The three main journals addressing precision agriculture in avocado production were Remote Sensing, Computers, and Electronics in Agriculture, and Agriculture (Switzerland). According to Scimago (2023), Remote Sensing was classified as Q1 and is part of the MDPI publishing group. The journal covers scientific information related to remote sensing science in various application sectors, including earth and planetary sciences. Computers and Electronics in Agriculture was also classified as Q1 and is published by Elsevier.

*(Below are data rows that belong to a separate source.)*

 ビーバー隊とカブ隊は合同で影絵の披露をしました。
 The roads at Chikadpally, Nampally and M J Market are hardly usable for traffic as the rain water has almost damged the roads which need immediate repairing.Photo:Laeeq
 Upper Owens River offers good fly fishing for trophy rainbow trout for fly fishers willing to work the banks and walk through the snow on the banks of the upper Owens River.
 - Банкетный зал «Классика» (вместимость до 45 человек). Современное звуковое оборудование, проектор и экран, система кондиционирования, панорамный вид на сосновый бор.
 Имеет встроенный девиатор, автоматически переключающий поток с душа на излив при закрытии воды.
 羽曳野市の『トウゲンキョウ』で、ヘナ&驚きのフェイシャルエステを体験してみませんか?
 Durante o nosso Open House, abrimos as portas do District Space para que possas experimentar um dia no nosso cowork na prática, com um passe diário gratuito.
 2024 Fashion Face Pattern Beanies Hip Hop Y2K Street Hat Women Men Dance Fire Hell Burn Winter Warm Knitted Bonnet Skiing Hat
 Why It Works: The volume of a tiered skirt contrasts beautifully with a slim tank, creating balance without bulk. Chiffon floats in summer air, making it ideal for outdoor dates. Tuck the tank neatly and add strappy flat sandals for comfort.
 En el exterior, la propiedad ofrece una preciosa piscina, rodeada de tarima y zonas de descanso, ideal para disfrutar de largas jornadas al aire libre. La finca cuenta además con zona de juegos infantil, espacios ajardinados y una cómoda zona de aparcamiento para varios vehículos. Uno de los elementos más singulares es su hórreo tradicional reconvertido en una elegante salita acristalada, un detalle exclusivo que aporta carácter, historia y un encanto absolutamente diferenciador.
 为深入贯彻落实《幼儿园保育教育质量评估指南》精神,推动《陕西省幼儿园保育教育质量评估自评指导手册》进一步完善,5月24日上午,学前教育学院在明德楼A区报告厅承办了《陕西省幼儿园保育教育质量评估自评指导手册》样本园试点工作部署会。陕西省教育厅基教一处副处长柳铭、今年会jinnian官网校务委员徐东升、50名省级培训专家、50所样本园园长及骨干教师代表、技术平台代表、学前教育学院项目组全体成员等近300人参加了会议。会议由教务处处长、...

It covers topics related to the use of computers or electronics in agricultural sciences as well as elements of precision agriculture. Agriculture (Switzerland), also part of the MDPI publishing group, was classified as Q2 and publishes on a variety of interdisciplinary topics, including agricultural technology, such as machinery, remote sensing, and GIS (Tab. 3).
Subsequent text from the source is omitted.